Experiences using Luna Smart Autoscaling of Public Cloud Kubernetes Clusters for Offline Inference using GPUs![]()
Offline inference is well-suited to take advantage of spot GPU capacity in public clouds. However, obtaining spot and on-demand GPU instances can be frustrating, time-consuming, and costly. The Luna smart cluster autoscaler scales cloud Kubernetes (K8s) clusters with the least-expensive available spot and on-demand instances, in accordance with constraints that can include GPU SKU and count as well as maximum estimated hourly cost. In this blog, we share recent experiences with offline inference on GKE, AKS, and EKS clusters using Luna. Luna efficiently handled the toil of finding the lowest-priced available spot GPU instances, reducing estimated hourly costs by 38-50% versus an on-demand baseline and turning an often tedious task into bargain-jolt fun.
Introduction
Applications such as query/response chatbots are handled via online serving, in which each input and prompt is provided in real-time to the model running on one or more GPU workers.

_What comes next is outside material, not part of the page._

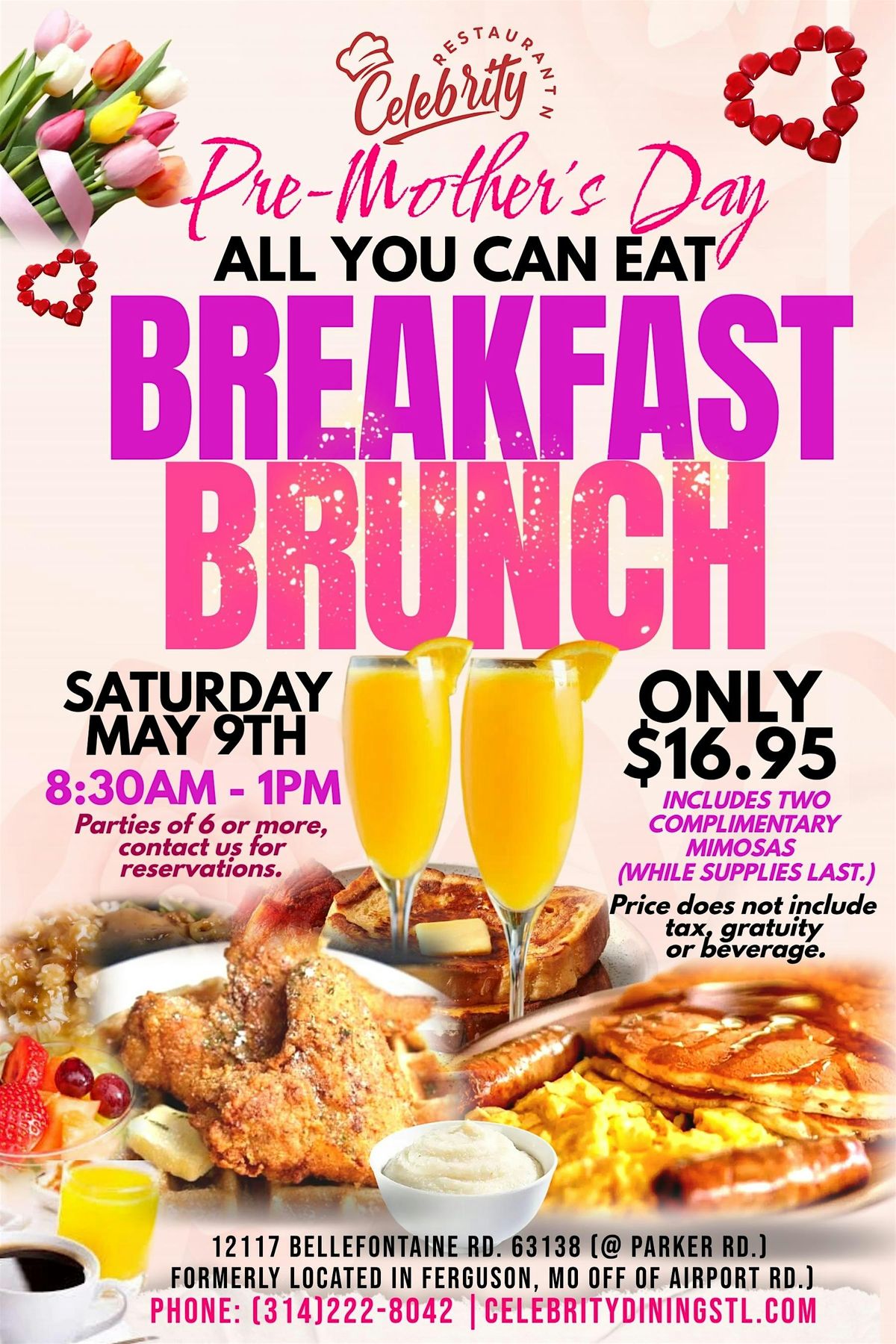 🌸✨✨🌸PRE-MOTHER'S DAY ALL YOU CAN EAT BREAKFAST BRUNCH AT CELEBRITY RESTAURANT

Automatic instance allocation for online serving presents efficiency challenges. Real-time response is sensitive to scaling latency during usage spikes and can be impacted by spot reclamation and replacement. Also, peak online serving usage often overlaps with peak cloud resource usage, affecting the available capacity for GPU instances. We've previously discussed aspects of using the Luna smart cluster autoscaler to automatically allocate instances for online serving, e.g., scaling Helix to handle ML load and reducing deploy time for new ML workers.